* [Cocci] Filter out field names
@ 2016-01-21 9:47 Daniel Wagner
2016-01-21 11:02 ` Julia Lawall
0 siblings, 1 reply; 6+ messages in thread
From: Daniel Wagner @ 2016-01-21 9:47 UTC (permalink / raw)
To: cocci
Hi,
I am trying to transform Linux kernel code in order to test for data
races. Let me illustrate this by an example
struct lpctx {
spinlock_t lock;
int cnt;
};
static struct lpctx *lpctx;
static void lpctx_good1(struct lpctx *lx)
{
spin_lock(&lx->lock);
lx->cnt++;
spin_unlock(&lx->lock);
}
static void lpctx_warning1(struct lpctx *lx)
{
lx->cnt++;
}
As you can see lptctx_warning1() is increasing the counter without
holding the lock. The main idea(*) is to annotate all accesses to lx by
adding a WARN_ON(!lock_is_held(&lx->lock.dep_map)).
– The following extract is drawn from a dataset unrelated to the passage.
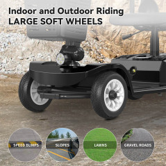 Echipat cu un motor de înaltă performanță de 24 V și 180 W, precum și cu o viteză maximă de 6 km/h, acest scuter este special conceput pentru a oferi o conducere stabilă și sigură persoanelor în vârstă și persoanelor cu mobilitate redusă.Sistemul său de frânare magnetic receptiv asigură o frânare fiabilă și lină, oferind o protecție optimă în fiecare călătorie.

Thanks to Julia's excellent help on IRC I have currently this somewhat
working cocci script:
@depends on patch@
struct lpctx *x;
identifier f;
statement S;
@@
( S
+ WARN_ON(!lock_is_held(&x->lock.dep_map));
&
x->f
)
This results in:
@@ -16,10 +16,13 @@ static void lpctx_good1(struct lpctx *lx
DBG("");
spin_lock(&lx->lock);
+ WARN_ON(!lock_is_held(&lx->lock.dep_map));
lx->cnt++;
+ WARN_ON(!lock_is_held(&lx->lock.dep_map));
spin_unlock(&lx->lock);
+ WARN_ON(!lock_is_held(&lx->lock.dep_map));
}
static void lpctx_warning1(struct lpctx *lx)
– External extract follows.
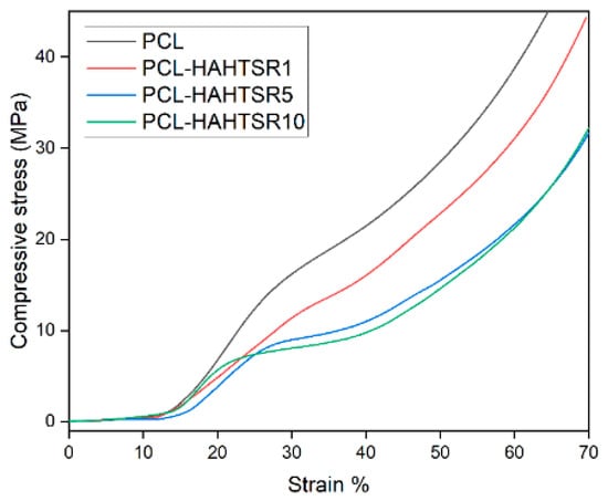 The compressive mechanical properties of simple PCL and PCL–SrHA composite scaffolds were investigated, as they represent key requirements for bone scaffolds. The representative compressive stress–strain curves are shown in Figure 10 and Figure 11. Stress–strain curves of both simple PCL and PCL–SrHA composite scaffolds include the three distinct regions also reported by other authors [35], respectively: firstly, the linear elastic region, secondly, the plateau of roughly constant stress, and thirdly, the final densification region of steeply rising stress. Other authors [36] indicate that these three main regions correspond, firstly, to the increase in compression force that leads to an increase in strength, when the thin bonding bridges between the struts begin to crack, secondly, to the strength decrease due to the struts cracking in the stress accumulation areas, and thirdly, strength increases again due to the rearrangement of the material.

@@ -27,6 +30,7 @@ static void lpctx_warning1(struct lpctx
DBG("");
lx->cnt++;
+ WARN_ON(!lock_is_held(&lx->lock.dep_map));
}
There are a bunch of problems, e,g. the hard coded type/names or the
WARN_ON() should be put in front of the deferences but that is something
for later to improve. The main problem I face at this point is to filter
out the spin_lock() and spin_unlock() access. All my attempts didn't let
to the expected result. I think the best thing would be to match on the
type. So if 'f' is of type spinlock_t ignore it. Any ideas how this
could be expressed?
Thanks,
Daniel
(*) Talking with Nicholas over a coffee helps a lot. Thanks a lot!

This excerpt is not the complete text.